In the **periodic regime** (*p-AutoGrow* with :math:`K=3`) the same
ordering holds, and ``GauInit`` additionally grows deeper networks
before the stopping criterion triggers:

.. table:: *p-AutoGrow* with :math:`K=3` on ``Basic3ResNet`` for the four initialisers (Table 6 of :cite:p:`wen_autogrow_2020`).
:align: center

+----------------+--------------+----------+--------------+----------+
| initialiser | CIFAR-10 | CIFAR-100 |
+ +--------------+----------+--------------+----------+
| | found net | accu (%) | found net | accu (%) |
+================+==============+==========+==============+==========+
| ``ZeroInit`` | 31-30-30 | 93.57 | 26-25-25 | 73.45 |
+----------------+--------------+----------+--------------+----------+
| ``AdamInit`` | 37-37-36 | 93.79 | 27-27-27 | 73.92 |
+----------------+--------------+----------+--------------+----------+
| ``UniInit`` | 28-28-28 | 93.82 | 41-41-41 | 74.31 |
+----------------+--------------+----------+--------------+----------+
| ``GauInit`` | 42-42-42 | **94.27**| 54-53-53 | **74.72**|
+----------------+--------------+----------+--------------+----------+

Do not wait for convergence before growing
^^^^^^^^^^^^^^^^^^^^^^^^^^^^^^^^^^^^^^^^^^

Holding the initialiser fixed to ``GauInit``, growing *before* the
shallower network has converged (small :math:`K`) discovers
significantly deeper networks and improves the final accuracy.
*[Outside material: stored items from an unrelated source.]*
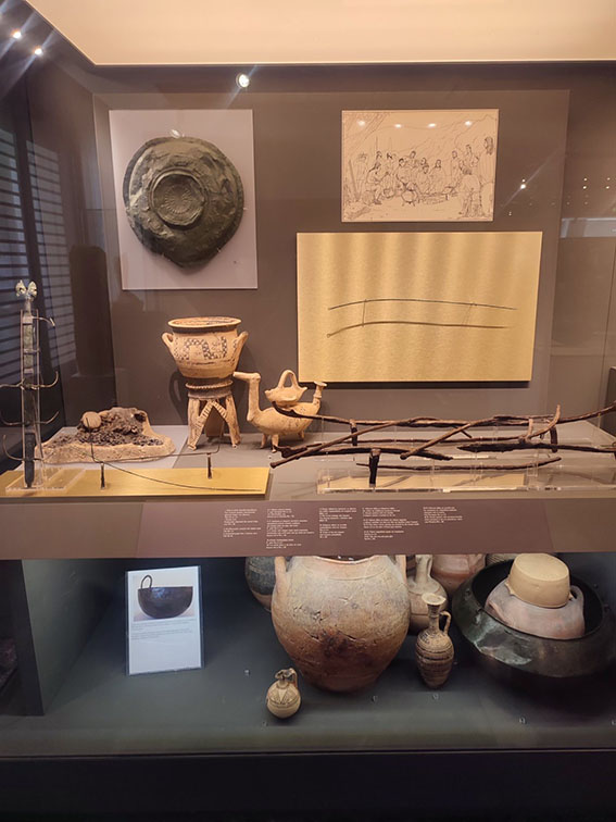 Όπλα αμυντικά για την προστασία της κεφαλής, του σώματος, των χεριών, των ποδιών: κράνη, πανοπλίες, περιβραχιόνια, μίτρες, περικνημίδες, ασπίδες… Όπλα επιθετικά, αιχμές δοράτων και ακοντίων, ξίφη, σπαθιά και μάχαιρες, βέλη… Αντικείμενα χρήσης: αγγεία πήλινα και χάλκινα για τροφή και πόση, πολυτελή ή καθημερινά, αλλά και για άλλες χρήσεις, αγγεία για λουτρό, καθαρισμό, αγγεία τεφροδόχα, λέβητες, κρατήρες, οινοχόες και κύλικες, φιάλες, καρποδόχες, λεκανίδες ή χέρνιβες… κι ακόμα κρατευτές και οβελοί (σούβλες), αρύταινες (κουτάλες σούπας), τυροκνηστίδες (τυροτρίφτες), φλασκιά…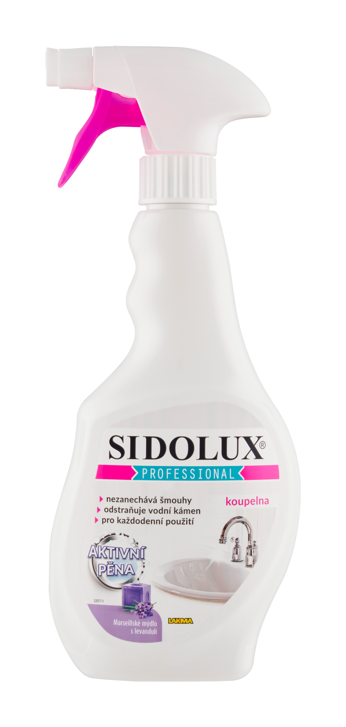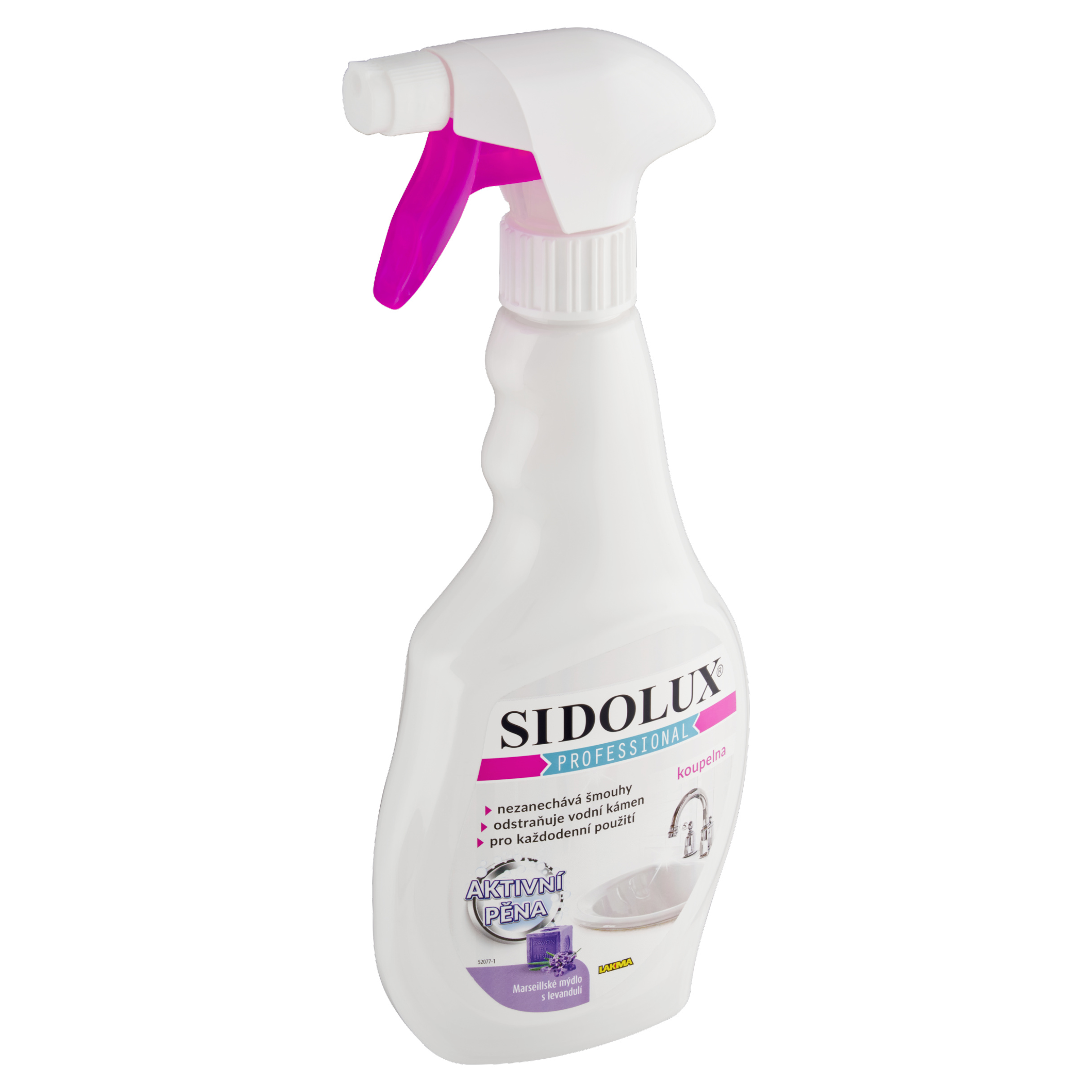 Sidolux Professional koupelna - je určený k udržení hygienické čistoty v koupelnách. Díky speciální receptuře snadno a účinně odstraňuje vodní kámen, zbytky mýdla a jiné nečistoty z vodovodních baterií, sprchových zástěn, umyvadel, van. Prostředek vytváří aktivní pěnu, která delší čas působí na čištěný povrch. Zanechává příjemnou, svěží vůni.
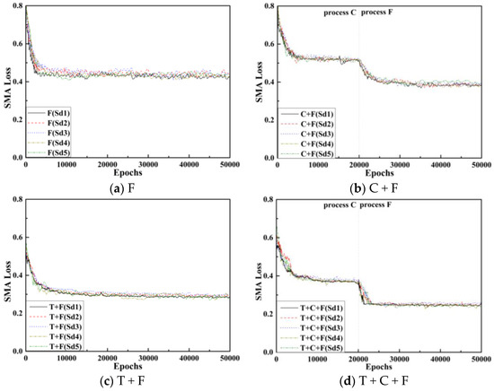 Process T + F and process F, which are two conventionally used training strategies with convergence values of about 0.30 and 0.42, respectively, without process C can also converge but are higher than T + C + F. In the two strategies without process T, the SMA curve fluctuates in different degrees. Note that this is the average curve, and its fluctuation is somewhat mitigated, but it still has disadvantages compared with the corresponding curves of the two strategies with process T. Therefore, process T is necessary.

The
table below compares *c-AutoGrow* (convergent regime, top row) with
*p-AutoGrow* for several growth periods :math:`K`:

.. table:: ``Basic3ResNet`` + ``GauInit``, varying the growth schedule (combination of Tables 3 and 5 of :cite:p:`wen_autogrow_2020`).
:align: center

+----------------+--------------+----------+--------------+----------+
| schedule | CIFAR-10 | CIFAR-100 |
+ +--------------+----------+--------------+----------+
| | found net | accu (%) | found net | accu (%) |
+================+==============+==========+==============+==========+
| convergent | 2-4-3 | 93.12 | 3-4-3 | 70.66 |
+----------------+--------------+----------+--------------+----------+
| :math:`K=50` | 6-5-3 | 92.95 | 8-5-7 | 72.07 |
+----------------+--------------+----------+--------------+----------+
| :math:`K=20` | 7-7-7 | 93.26 | 8-11-10 | 72.93 |
+----------------+--------------+----------+--------------+----------+
| :math:`K=10` | 19-19-19 | 93.46 | 18-18-18 | 73.64 |
+----------------+--------------+----------+--------------+----------+
| :math:`K=5` | 23-22-22 | 93.98 | 23-23-23 | 73.70 |
+----------------+--------------+----------+--------------+----------+
| :math:`K=3` | 42-42-42 | **94.27**| 54-53-53 | **74.72**|
+----------------+--------------+----------+--------------+----------+
| :math:`K=1` | 77-76-76 | 94.30 | 68-68-68 | 74.51 |
+----------------+--------------+----------+--------------+----------+

Accuracy plateaus around :math:`K=3`: shrinking :math:`K` further
only adds depth without measurable gain. The trend is studied
further in [[FRAGrow|fra_grow]].

The discovered depth is nearly optimal
^^^^^^^^^^^^^^^^^^^^^^^^^^^^^^^^^^^^^^

For a fixed family of architectures, the depth discovered by
*p-AutoGrow* is among the best-performing depths that can be found
by training many baselines from scratch.

.. _fig-autogrow-vs-from-scratch:

.. figure:: /algorithms/figures/autogrow-vs-from-scratch.png
:alt: AutoGrow discovered depth vs. manual search on CIFAR-10
:width: 90%
:align: center

AutoGrow vs. manual depth search (training many baselines from
scratch) on CIFAR-10. Dots :math:`\bullet` mark depths discovered
by *p-AutoGrow* with :math:`K=3`; circles :math:`\circ` correspond
to :math:`K=50`. Reproduced from Figure 5
of :cite:p:`wen_autogrow_2020`.

For ResNets the discovered depth lands at the saturation point of
the from-scratch curve. For plain VGG-BN networks AutoGrow not only
finds a sensible depth but reaches *significantly higher* accuracy
than the from-scratch baseline at the same depth: at those depths
the from-scratch baseline fails to train even with batch
normalisation, while gradual growth makes deep plain nets trainable.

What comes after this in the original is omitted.